- STORED DATA
= = = = = = =

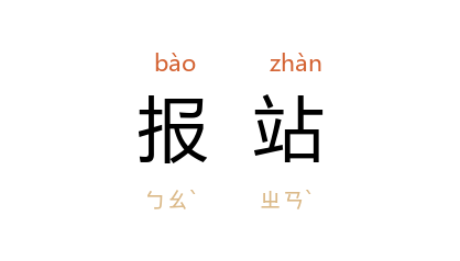⒈ 乘务员向乘客报告车、船等所到站和即将到达的前方一站的站名:提前报站,方便乘客。
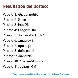 Lista de participantes: StevenMunnoz, Diegolmilito, Javiersini, Giovannoti90, Secn, Julian_RM, inter261, JamesManUtd77, dcfernando, xmaurox9, apoliego.
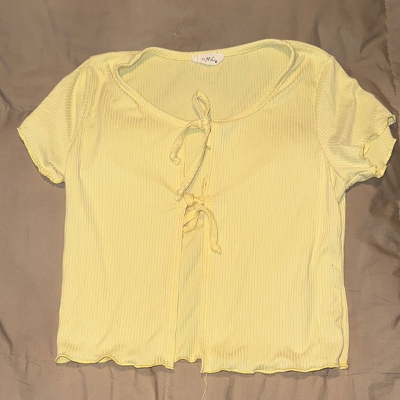 Yellow Tie-Front Ribbed Top
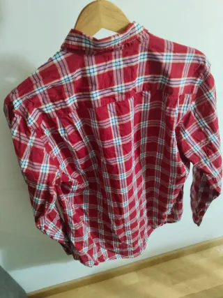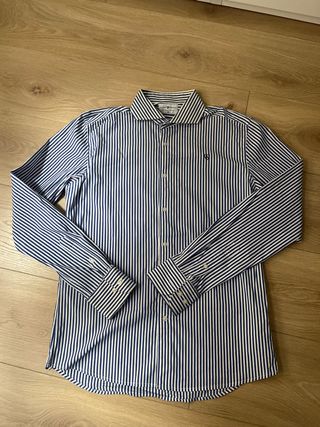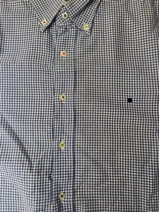 Camisa de manga larga con estampado de cuadros. - Diseño de cuadros pequeños en tonos azul y blanco. - Cuello con botones. - Logo bordado en el pecho. Puesta una vez. Se entrega en mano en Oviedo.

= = = = = = =

- ASSIGNMENT
Please output the lines from the line that holds "Yellow Tie-Front Ribbed Top" through the final line of the material above, both included. Each line must match exactly, and pictures must be excluded.

- SOLUTION FOR THIS EXERCISE
 Yellow Tie-Front Ribbed Top
 Camisa de manga larga con estampado de cuadros. - Diseño de cuadros pequeños en tonos azul y blanco. - Cuello con botones. - Logo bordado en el pecho. Puesta una vez. Se entrega en mano en Oviedo.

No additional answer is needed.